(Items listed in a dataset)
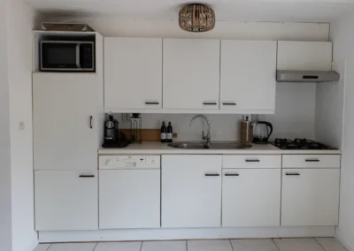 De complete en moderne open keuken beschikt over veel opbergruimte (kastjes en lades), ruim werkblad en uitgebreide keukenapparatuur zoals een vaatwasser, 4 pits gaskookplaat, afzuigkap, elektrische oven / magnetroncombinatie en een koelkast met een apart vriesvak.
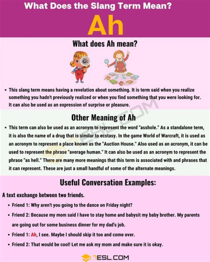What Does “Ah” Mean? This slang term means having a revelation about something. It is a term said when you realize something you hadn’t previously realized or when you find something that you were looking for. It can also be used as an expression of surprise or pleasure.
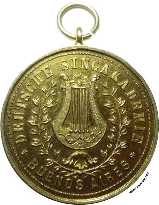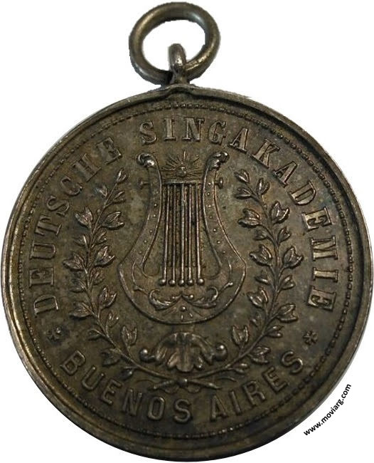 Anverso: DEUTSCHE SINGAKADEMIE / BUENOS AIRES Reverso: ZUR ERINNERUNG AN DAS 100. CONCERT / GEWIDMET / VON DER / DEUTSCHEN / COLONIE. / JANUAR 1889. Firma: GRANDE Canto: Liso Referencia: ROSA-597 FERRARI-155 (RG) | |
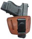 This very versatile holster, can be worn inside the waistband or on the belt. It is doubled stitched for strength and durability. Leather lined for added protection of your gun. The belt slots fit up to 1 1/4" wide.
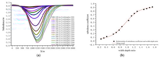 | Mining Process | Mining Width/m | Mining Depth/m | Width-Depth Ratio | Subsidence/mm | q |
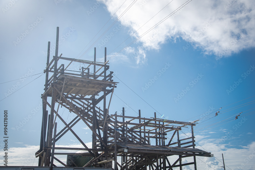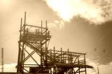 Tall tower observation structures with stairs for zip-lines experience at outdoor adventure park in South Padre Island, TX, take-off and landing zip-line circuit, zipping recreational activities
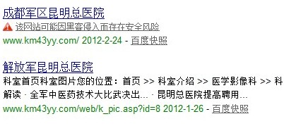 六、网站安全检测工具:百度会定期自动检测网站并提供结果查询,帮助您及时发现并定位自己网站的安全隐患。如果您在百度搜索结果中发现自己的网站带有“该网站可能因黑客侵入而存在安全风险”的提示,如下图中:
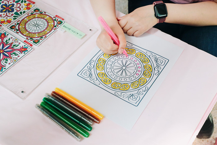 可水洗布料現場涂鴉及涂鴉填色體驗。涂鴉成果可由工作人員完成圖片轉化,現場制作成衣服、馬克杯、手機殼。
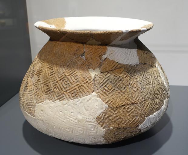 | Keywords: Coarse pottery pot with spiral pattern, Bronze periiod, from So Kwun Wat, Tuen Mun, Hong Kong - Hong Kong Museum of History - DSC00747.JPG en Exhibit in the Hong Kong Museum of History Hong Kong This artwork is old enough so that it is in the public domain Photography was permitted in the museum without restriction 2014-07-27 01 27 54 own Daderot other versions PD-100 cc-zero Chinese ceramics in the Hong Kong Museum of History Uploaded with UploadWizard Ceramics of the Bronze Age in China |
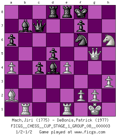 Last move : 1/2-1/2 2020 April 7 22:48:0 [Event "FICGS__CHESS__CUP_STAGE_1_GROUP_08__000003"] [Site "FICGS"] [Date "2019.11.02"] [Round "1"] [White "Mach,Jiri"] [Black "DeBonis,Patrick"] [Result "1/2-1/2"] [WhiteElo "1775"] [BlackElo "1977"] 1.e4 e5 2.Nf3 Nc6 3.Bb5 a6 4.Ba4 Nf6 5.O-O b5 6.Bb3 Bb7 7.d3 Be7 8.Re1 O-O 9.h3 d6 10.a3 Nb8 11.Nbd2 c5 12.Nf1 Qc7 13.Ne3 c4 14.Ba2 Nbd7 15.Nf5 Rfe8 16.Bg5 h6 17.Bxh6 gxh6 18.Nxh6+ Kg7 19.Nf5+ Kg8 20.Qd2 Nh7 21.b3 d5 22.bxc4 bxc4 23.Rab1 Rac8 24.Nh6+ Kf8 25.a4 Bc5 26.Ng5 Ndf6 27.c3 Rcd8 28.d4 exd4 29.cxd4 Nxg5 30.Qxg5 Bxd4 1/2-1/2 Ruy Lopez : Archangelsk (counterthrust) variation Kingside Castling by player White (move 5) Kingside Castling by player Black (move 8) This chess game ended in a draw. Follow this game move after move (download)I thought the most common mistake [in chess] was the first one: Learning the game :P (Garvin Gray, FICGS forum) Wie, soll nun auch die Opposition abgeschafft werden? Ja, es tut mir leid, Ihnen diesen Schmerz nicht ersparen zu können. (Aaron Nimzowitsch) El ganador de una partida es aquel jugador que hace el penúltimo error. (Savielly Tartakover) L'action d'une oeuvre littéraire se déroule sur un champ de bataille. Les masques et les types du drame moderne correspondent aux pièces du jeu d'échecs. L'intrigue correspond aux coups et aux gambits, c'est à dire aux techniques du jeu telles qu'utilisées et interprétées par les joueurs. Les tactiques et les péripéties [mouvements] correspondent aux coups exécutés par l'adversaire. (Viktor Shklovsky) An expert is a man who has made all the mistakes which can be made in a very narrow field. (Niels Bohr)
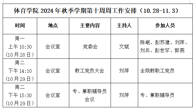 beats365唯一官方网站2024年秋季学期第十周周工作安排(10.28—11.3)
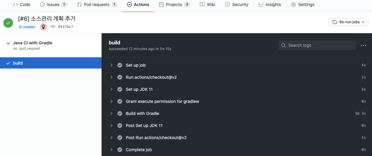 그러면 Actions 탭을 통해 build 내용을 확인 할 수 있고, Workflow 파일도 수정할 수 있습니다.
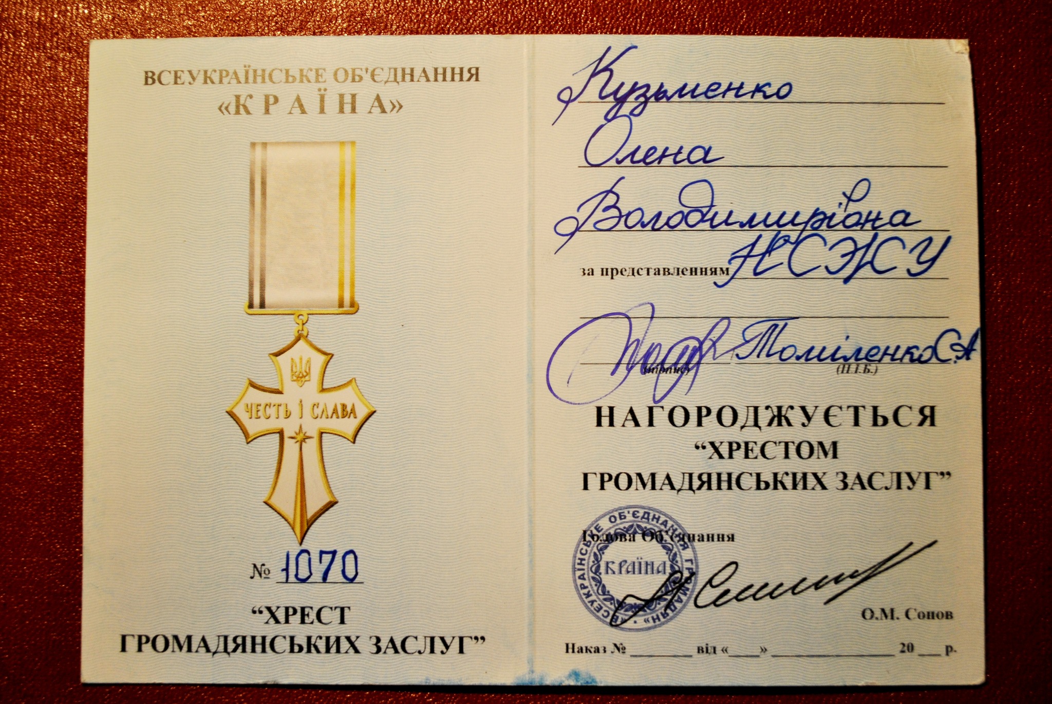ℹ️ Знак «Хрест громадянських заслуг» вручається тим, хто своєю плідною працею наближає перемогу без зброї в руках.
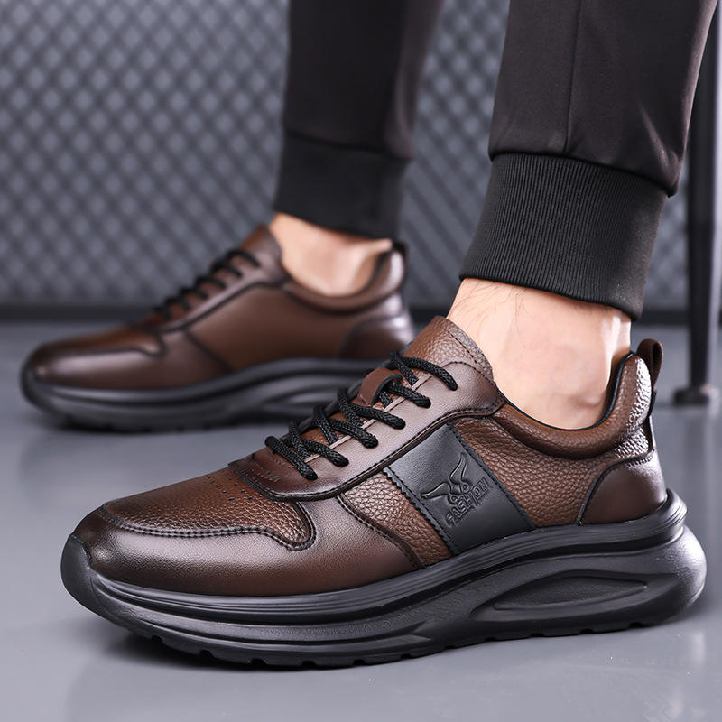 รองเท้าลำลองอเนกประสงค์สำหรับผู้ชาย, รองเท้า2025ฤดูใบไม้ร่วง/ฤดูใบไม้ผลิรองเท้าหนังแท้ระบายอากาศได้ดีรองเท้ากีฬารองเท้าผ้าใบใส่สบาย
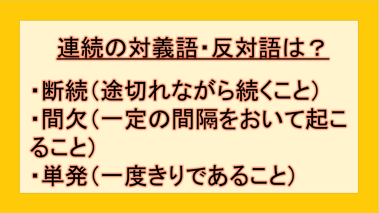 連続|反対語・対義語の単語を整理!丁寧な言い方
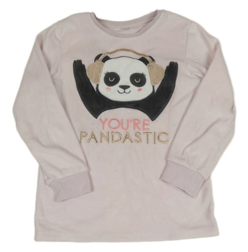 Pudrová plyšová pyžamová mikina s pandou a nápismi C&A
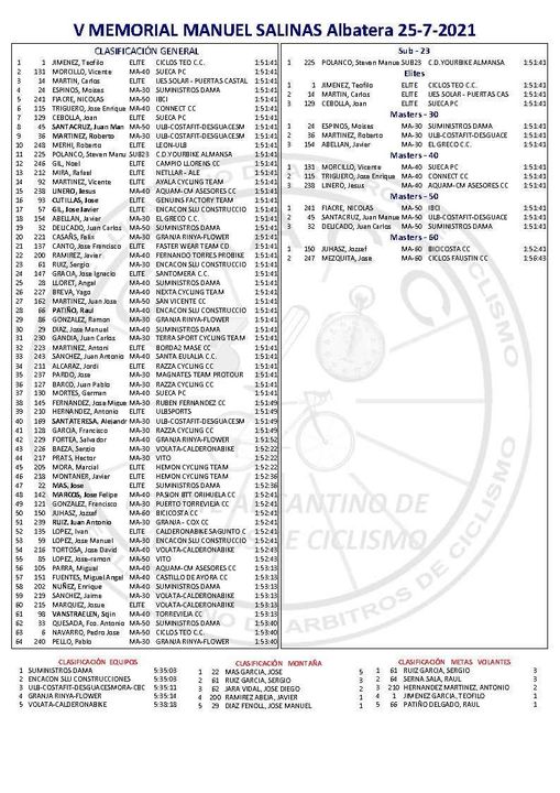 Teófilo Jiménez (Ciclos Teo) se ha impuesto hoy al esprint en el IV Memorial Manuel Salinas disputado en Albatera sobre una distancia de 79 kilómetros. El ganador de la sexta prueba puntuable del Interclub Vega Baja ha hecho un tiempo de una hora, 51 minutos y 41 segundos. Vicente Morcillo (Sueca PC) ha sido segundo y Carlos Martin (Ijes Solar), tercero. Raúl Patiño (Encancon) sigue de líder, con Sergio Ruiz (Encancon), segundo y Joan Cebolla (Sueca), tercero. Teófilo Jiménez ha sido el primer élite; Moisés Espinós se ha impuesto en M30; Vicente Morcillo, en M40; Nicolás Fiacre (IBCI), en M50; Steven Manuel Polanco (Yourbike), en sub 23; y Jozsep Juhasz (Bicicosta), en M60. Por equipos, el Suministros Dama ha subido a lo más alto del podio; José Más (Suministros Dama) se adjudicó el Premio de la Montaña; y Sergio Ruiz (Encancón), las metas volantes.
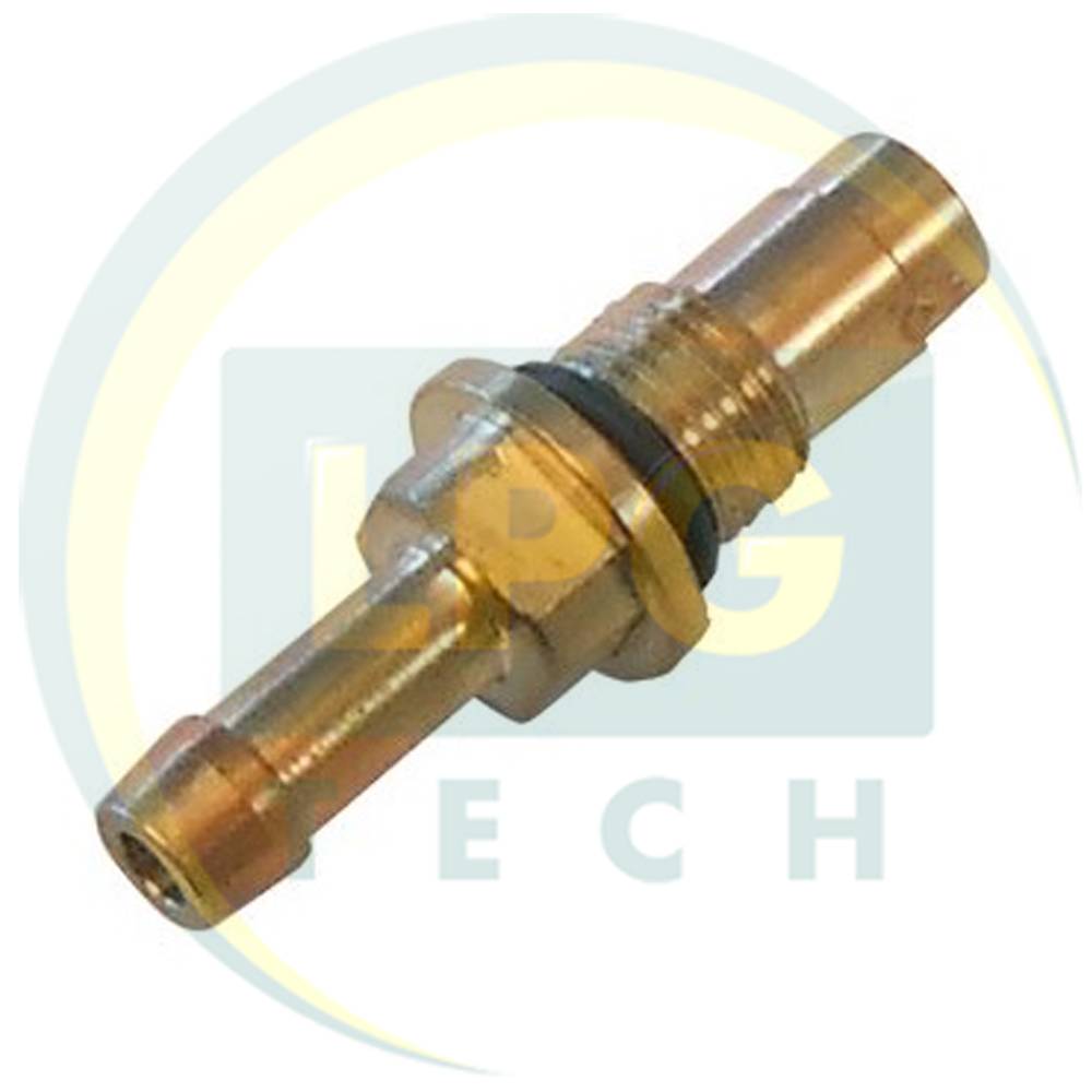 Штуцер выхода газа используется в алюминиевых рампах производства AEB. Сам штуцер также сделан из алюминия, на резьбе соединения с рампой форсунок есть уплотнительная прокладка. Выход газа предусмотрен через газовый шланг с внутренним диаметром 6 мм. Шланги необходимо закреплять хомутами. Максимально допустимое расстояние от форсунок до коллектора составляет 15 см. Внутренний диаметр составляет 2,4 мм. Подойдет для использования в 2-х, 3-х и 4-х цилиндровых рампах.

(WORK TO BE COMPLETED) Give back each entry exactly as it appears, with no pictures.

(SOLUTION BELOW)
 De complete en moderne open keuken beschikt over veel opbergruimte (kastjes en lades), ruim werkblad en uitgebreide keukenapparatuur zoals een vaatwasser, 4 pits gaskookplaat, afzuigkap, elektrische oven / magnetroncombinatie en een koelkast met een apart vriesvak.
What Does “Ah” Mean? This slang term means having a revelation about something. It is a term said when you realize something you hadn’t previously realized or when you find something that you were looking for. It can also be used as an expression of surprise or pleasure.
 Anverso: DEUTSCHE SINGAKADEMIE / BUENOS AIRES Reverso: ZUR ERINNERUNG AN DAS 100. CONCERT / GEWIDMET / VON DER / DEUTSCHEN / COLONIE. / JANUAR 1889. Firma: GRANDE Canto: Liso Referencia: ROSA-597 FERRARI-155 (RG) | |
 This very versatile holster, can be worn inside the waistband or on the belt. It is doubled stitched for strength and durability. Leather lined for added protection of your gun. The belt slots fit up to 1 1/4" wide.
 | Mining Process | Mining Width/m | Mining Depth/m | Width-Depth Ratio | Subsidence/mm | q |
 Tall tower observation structures with stairs for zip-lines experience at outdoor adventure park in South Padre Island, TX, take-off and landing zip-line circuit, zipping recreational activities
 六、网站安全检测工具:百度会定期自动检测网站并提供结果查询,帮助您及时发现并定位自己网站的安全隐患。如果您在百度搜索结果中发现自己的网站带有“该网站可能因黑客侵入而存在安全风险”的提示,如下图中:
 可水洗布料現場涂鴉及涂鴉填色體驗。涂鴉成果可由工作人員完成圖片轉化,現場制作成衣服、馬克杯、手機殼。
 | Keywords: Coarse pottery pot with spiral pattern, Bronze periiod, from So Kwun Wat, Tuen Mun, Hong Kong - Hong Kong Museum of History - DSC00747.JPG en Exhibit in the Hong Kong Museum of History Hong Kong This artwork is old enough so that it is in the public domain Photography was permitted in the museum without restriction 2014-07-27 01 27 54 own Daderot other versions PD-100 cc-zero Chinese ceramics in the Hong Kong Museum of History Uploaded with UploadWizard Ceramics of the Bronze Age in China |
 Last move : 1/2-1/2 2020 April 7 22:48:0 [Event "FICGS__CHESS__CUP_STAGE_1_GROUP_08__000003"] [Site "FICGS"] [Date "2019.11.02"] [Round "1"] [White "Mach,Jiri"] [Black "DeBonis,Patrick"] [Result "1/2-1/2"] [WhiteElo "1775"] [BlackElo "1977"] 1.e4 e5 2.Nf3 Nc6 3.Bb5 a6 4.Ba4 Nf6 5.O-O b5 6.Bb3 Bb7 7.d3 Be7 8.Re1 O-O 9.h3 d6 10.a3 Nb8 11.Nbd2 c5 12.Nf1 Qc7 13.Ne3 c4 14.Ba2 Nbd7 15.Nf5 Rfe8 16.Bg5 h6 17.Bxh6 gxh6 18.Nxh6+ Kg7 19.Nf5+ Kg8 20.Qd2 Nh7 21.b3 d5 22.bxc4 bxc4 23.Rab1 Rac8 24.Nh6+ Kf8 25.a4 Bc5 26.Ng5 Ndf6 27.c3 Rcd8 28.d4 exd4 29.cxd4 Nxg5 30.Qxg5 Bxd4 1/2-1/2 Ruy Lopez : Archangelsk (counterthrust) variation Kingside Castling by player White (move 5) Kingside Castling by player Black (move 8) This chess game ended in a draw. Follow this game move after move (download)I thought the most common mistake [in chess] was the first one: Learning the game :P (Garvin Gray, FICGS forum) Wie, soll nun auch die Opposition abgeschafft werden? Ja, es tut mir leid, Ihnen diesen Schmerz nicht ersparen zu können. (Aaron Nimzowitsch) El ganador de una partida es aquel jugador que hace el penúltimo error. (Savielly Tartakover) L'action d'une oeuvre littéraire se déroule sur un champ de bataille. Les masques et les types du drame moderne correspondent aux pièces du jeu d'échecs. L'intrigue correspond aux coups et aux gambits, c'est à dire aux techniques du jeu telles qu'utilisées et interprétées par les joueurs. Les tactiques et les péripéties [mouvements] correspondent aux coups exécutés par l'adversaire. (Viktor Shklovsky) An expert is a man who has made all the mistakes which can be made in a very narrow field. (Niels Bohr)
 beats365唯一官方网站2024年秋季学期第十周周工作安排(10.28—11.3)
 그러면 Actions 탭을 통해 build 내용을 확인 할 수 있고, Workflow 파일도 수정할 수 있습니다.
ℹ️ Знак «Хрест громадянських заслуг» вручається тим, хто своєю плідною працею наближає перемогу без зброї в руках.
 รองเท้าลำลองอเนกประสงค์สำหรับผู้ชาย, รองเท้า2025ฤดูใบไม้ร่วง/ฤดูใบไม้ผลิรองเท้าหนังแท้ระบายอากาศได้ดีรองเท้ากีฬารองเท้าผ้าใบใส่สบาย
 連続|反対語・対義語の単語を整理!丁寧な言い方
 Pudrová plyšová pyžamová mikina s pandou a nápismi C&A
 Teófilo Jiménez (Ciclos Teo) se ha impuesto hoy al esprint en el IV Memorial Manuel Salinas disputado en Albatera sobre una distancia de 79 kilómetros. El ganador de la sexta prueba puntuable del Interclub Vega Baja ha hecho un tiempo de una hora, 51 minutos y 41 segundos. Vicente Morcillo (Sueca PC) ha sido segundo y Carlos Martin (Ijes Solar), tercero. Raúl Patiño (Encancon) sigue de líder, con Sergio Ruiz (Encancon), segundo y Joan Cebolla (Sueca), tercero. Teófilo Jiménez ha sido el primer élite; Moisés Espinós se ha impuesto en M30; Vicente Morcillo, en M40; Nicolás Fiacre (IBCI), en M50; Steven Manuel Polanco (Yourbike), en sub 23; y Jozsep Juhasz (Bicicosta), en M60. Por equipos, el Suministros Dama ha subido a lo más alto del podio; José Más (Suministros Dama) se adjudicó el Premio de la Montaña; y Sergio Ruiz (Encancón), las metas volantes.
 Штуцер выхода газа используется в алюминиевых рампах производства AEB. Сам штуцер также сделан из алюминия, на резьбе соединения с рампой форсунок есть уплотнительная прокладка. Выход газа предусмотрен через газовый шланг с внутренним диаметром 6 мм. Шланги необходимо закреплять хомутами. Максимально допустимое расстояние от форсунок до коллектора составляет 15 см. Внутренний диаметр составляет 2,4 мм. Подойдет для использования в 2-х, 3-х и 4-х цилиндровых рампах.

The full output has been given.